Chapitre XXXI : 7 years - Lukas Graham
« Je réalise ce que j'ai perdu à cause de cet accident. Je ne verrai plus jamais les couleurs. Ni les visages. Ni le ciel. Je ne verrais jamais les yeux de ma fille. La confrérie m'a volé ma lumière. Toute ma lumière. »
Extrait du journal d'Enola en sevrage de dilitírio
Je marche dans une rue guindée éloignée de chez nous. Il me faut un instant pour resituer la scène que je vois à travers mon propre regard. Mes talons claquent sur le sol silencieux. Je ne baisse pas la tête, refusant de témoigner une quelconque faiblesse ou timidité. Les pans de ma cape se balancent au rythme de mes pas rapides. Je ne croise pas grand monde à cette heure tardive. J'ai dit à Eden que j'avais un exposé à faire avec Calie pour venir ici seule. Je ne dois pas traîner. De une car mon alibi est précaire et doit tenir dans un timing précis. Et de deux car je n'ai pas envie de me balader sur le terrain de chasse des dealers à la nuit tombée.
Je bifurque à un angle et mes yeux se posent sur l'objet de ma venue. Une porte sous scellée et marquée de banderoles jaunes. Approche interdite hors personnes habilitées.
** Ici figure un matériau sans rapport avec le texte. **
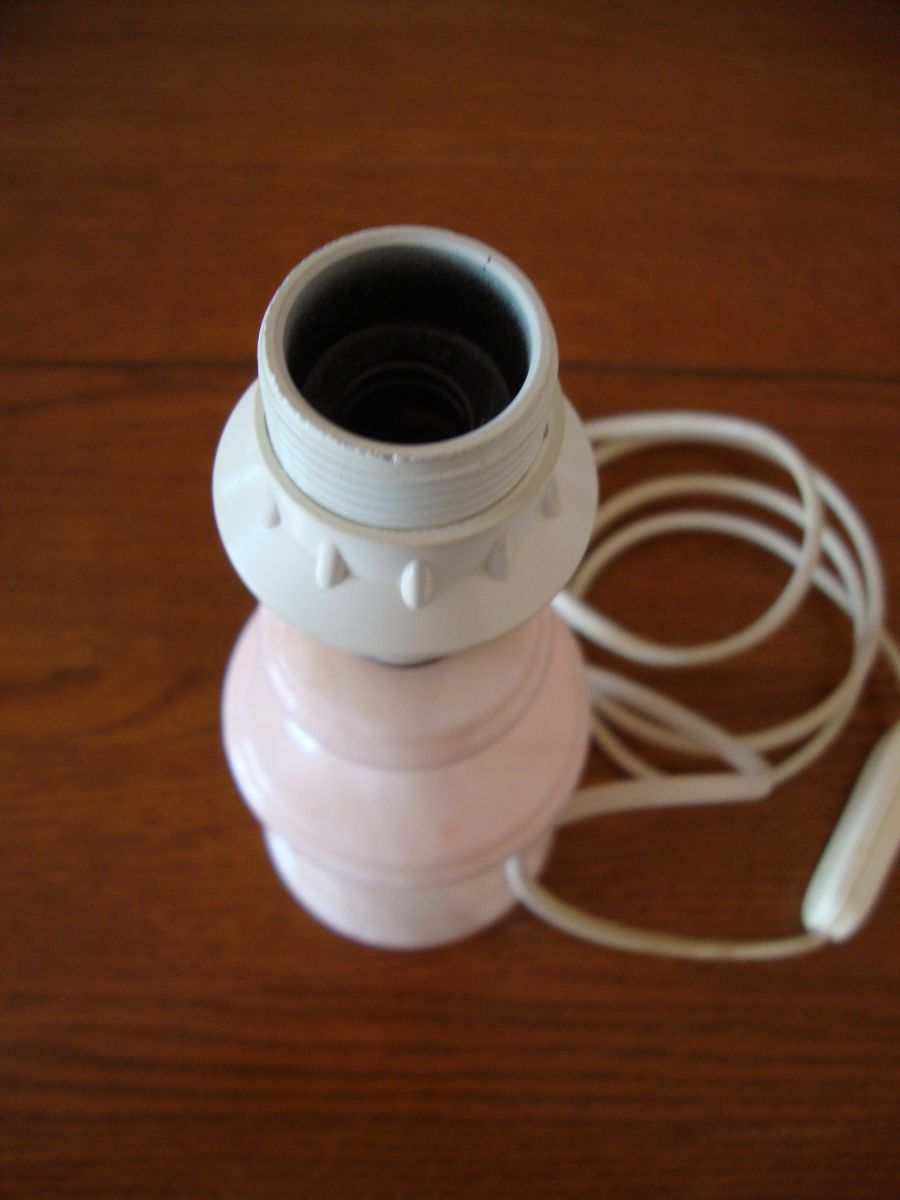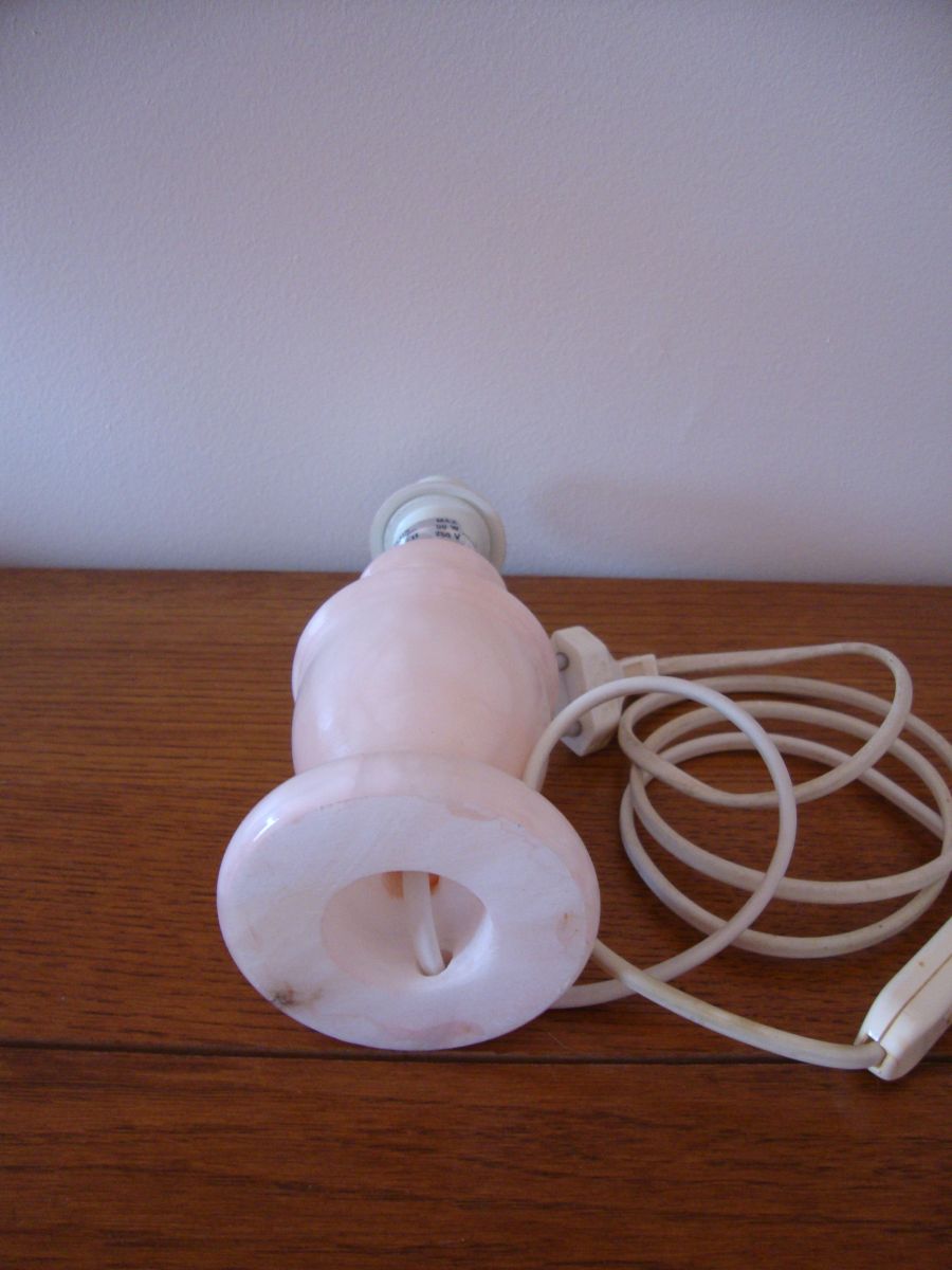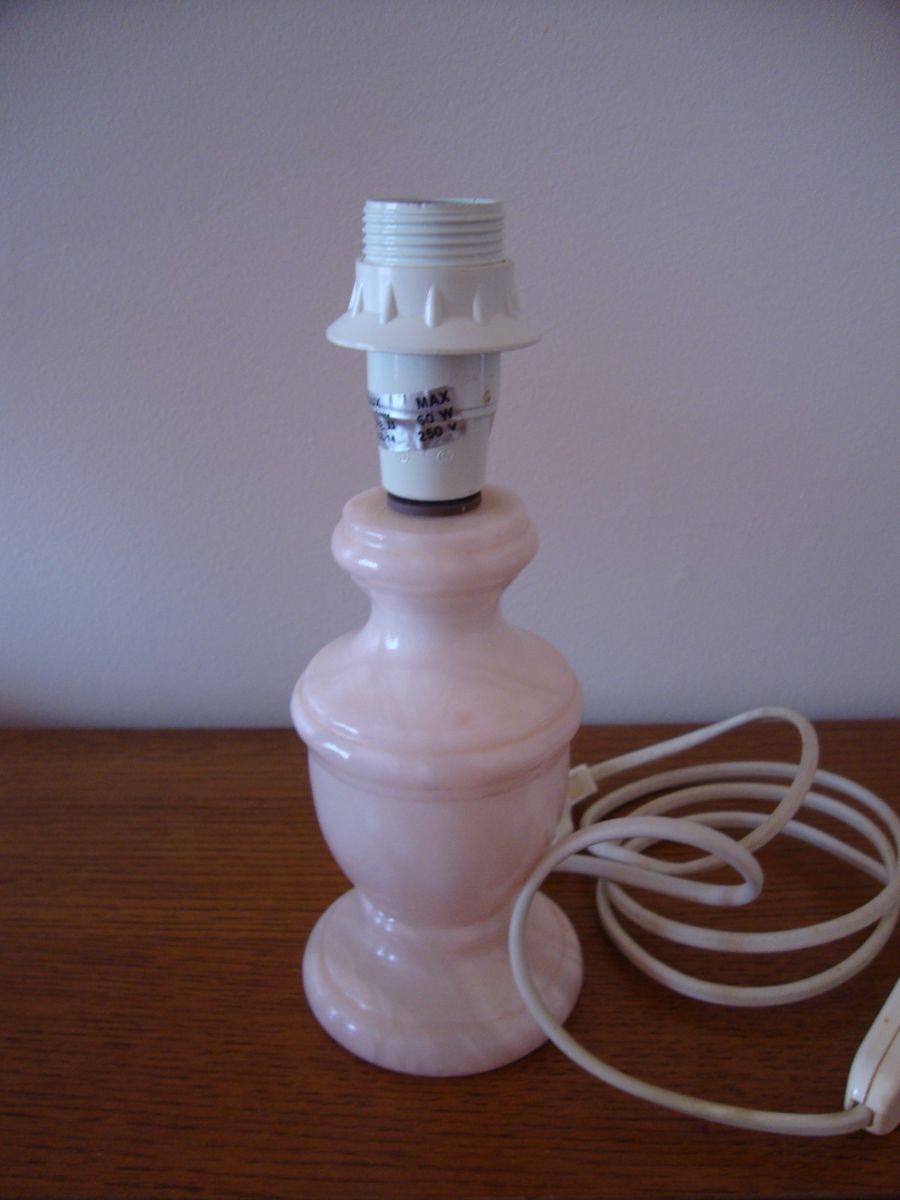 Petit pied de lampe de chevet en Albâtrerose pastel (années 1980)
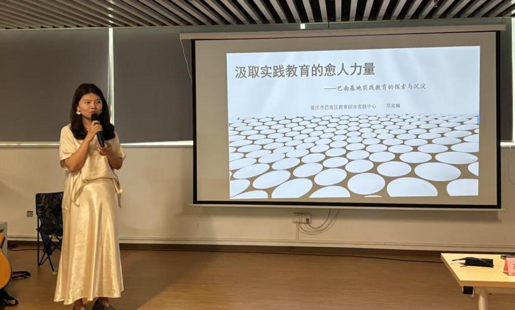 实践基地代表、重庆市巴南区教育综合实践中心主任邓常梅老师以《汲取实践教育的愈人力量》为主题,介绍了实践教育在厌学青少年成长中的独特价值,她倡导利用实践基地资源,为青少年提供体验、学习与成长的平台,通过“兴趣潜能挖掘”模式激发青少年的学习动力。
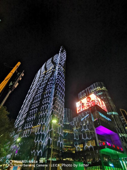 即使上图这种人眼因广告牌刺眼而无法直视的极端情况,华为Mate30开启夜景拍摄模式后,无论暗处的彩光还是广告LED屏幕的内容都精确呈现,让细节尽收眼底。
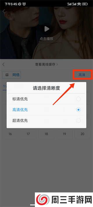 4、点击下载图标之后,就来到了选集界面,点击对应的数字即可缓存相应的集数,右上角还可以选择优先缓存的清晰度。
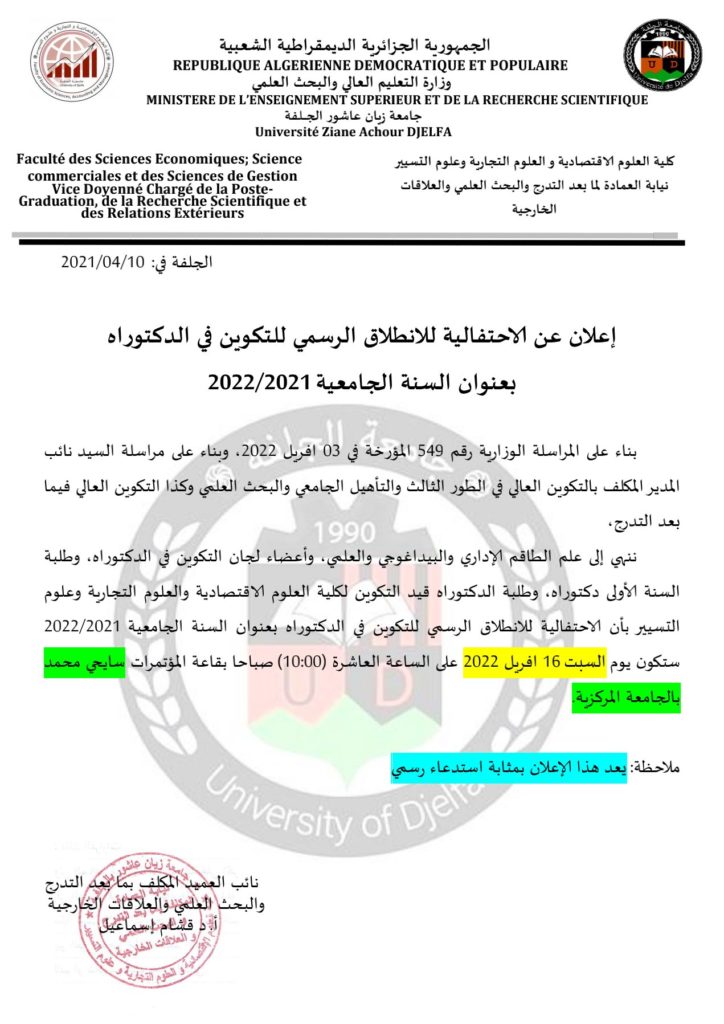 إعلان عن الاحتفالية للانطلاق الرسمي للتكوين في الدكتوراه بعنوان السنة الجامعية 2021/2022
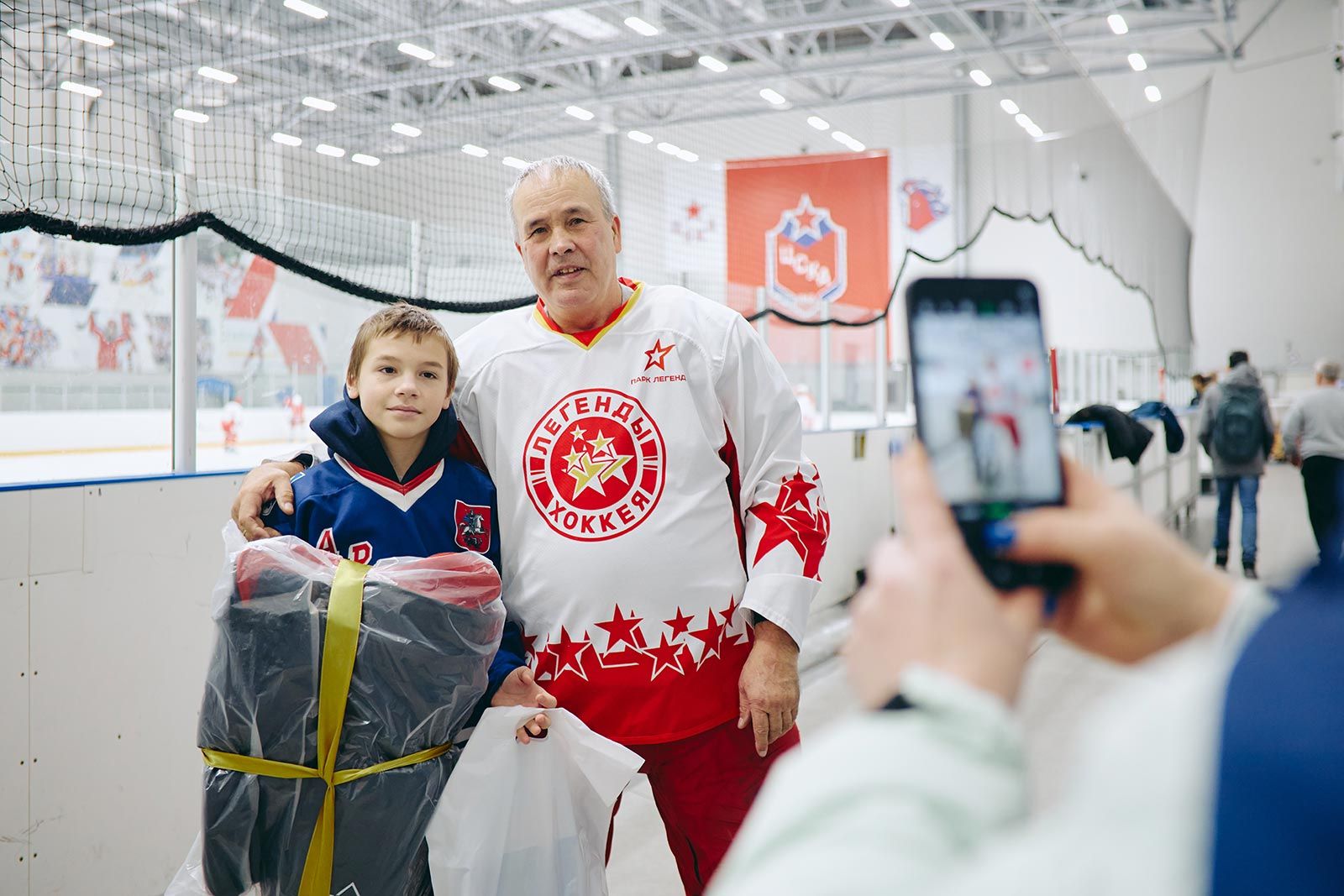 При поддержке клуба «Легенды хоккея» на ледовой арене восемь юных спортсменов получили специальную амуницию для игры. Каждая вещь — от костюма до клюшки — поможет ребятам на пути к их спортивным целям. Подарки вручали мастера спорта, чемпионы мира и олимпийские чемпионы по хоккею, среди которых Владимир Мышкин, Юрий Ляпкин, Александр Якушев, Сергей Бабинов, Вячеслав Анисин, Дмитрий Фролов, Александр Голиков и другие. Легендарные спортсмены пообщались с детьми, дали напутствия и сфотографировались на память.

Je me garde bien de toucher quoi que ce soit. Mon regard se promène sur la façade à la recherche d'indices. Voilà deux mois que je cherche à rentrer en contact avec les Naufrageurs. Mais difficile de clamer sur tous les toits que l'on quémande les services d'une confrérie d'assassins. J'étais à court d'idée lorsque la nouvelle est tombée hier soir. Un nouveau meurtre assigné aux Naufrageurs. Si j'étais eux et que je devais laisser un moyen de me contacter, je le ferais au seul lieu auquel on me rapporte. Et je le ferais de préférence au nez de tous. Pour être discret, soyons remarqués, n'est-ce pas ce qu'on dit ? Je scrute les pierres du mur, les interstices, les marches du perrons sans rien toucher. Rien. Je passe encore dix minutes à analyser la rue. Nada. Je soupire. Encore une fausse route... J'y croyais pourtant dure comme fer cette fois. Ne va pas au tableau d'affichage, ai-je envie de souffler à la Enola du passé.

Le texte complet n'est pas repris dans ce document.